French businessman and tourism personality (1943–2026)

Maurice Freund (/fr/; 15 July 1943 – 9 May 2026) was a French businessman and tourism personality.

Freund often wrote of his travels and of sustainable development, notably developing charters to make air travel more affordable in the 1970s.

==Life and career==
Born in Guebwiller on 15 July 1943, Freund was the only son of Auguste Freund, a Malgré-nous soldier who was forcefully conscripted into the German armed forces. His father passed away in 1957 just after his Camp 188, so Maurice was raised by his mother, who worked in the potash mines of Alsace. He was expelled from school at 14 and worked for the same mine as his mother until he trained as an electrician.
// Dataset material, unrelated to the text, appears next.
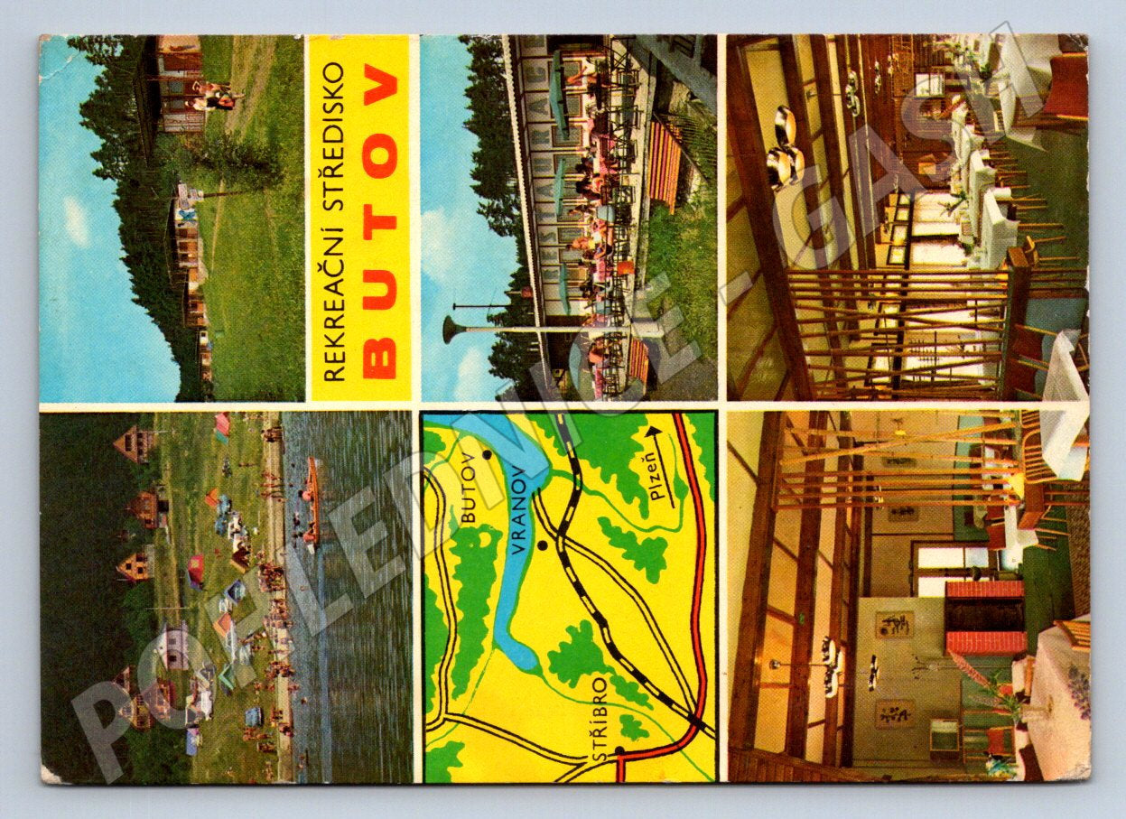 Pohlednice zobrazuje rekreační středisko Butov v Československu, které nabízelo pobyty u přehrady Hracholusky. Na přední straně je několik fotografií zachycujících exteriér chatové osady, koupání ve vodě, jídelnu a část vnitřního vybavení restaurace. Jedna část pohlednice je věnována i orientační mapce s vyznačením Butova. Pohlednice byla odeslána z Československa a je opatřena dobovou známkou. Na zadní straně je rukou psaný osobní pozdrav z dovolené. Ideální k rozšíření sbírky pohlednic s tématem českých rekreačních lokalit a životního stylu druhé poloviny 20. století.

In January 1963, he began his military service before joining the nonprofit Point Mulhouse, which promoted the construction of a youth chalet at Le Markstein. He then began work at a Peugeot factory and joined the French Confederation of Christian Workers. In 1969, Point Mulhouse began to charter flights to destinations such as London, New Delhi, and Naples, which arose his personal interest in aviation. In 1980, he founded Point Air alongside Point Mulhouse, a low-cost airline, which ran flights from Basel/Mulhouse and Marseille to Ouagadougou thanks to Freund's close friendship with President of Burkina Faso Thomas Sankara. The airline went bankrupt in 1987.

Freund died in Ardèche on 9 May 2026, at the age of 82.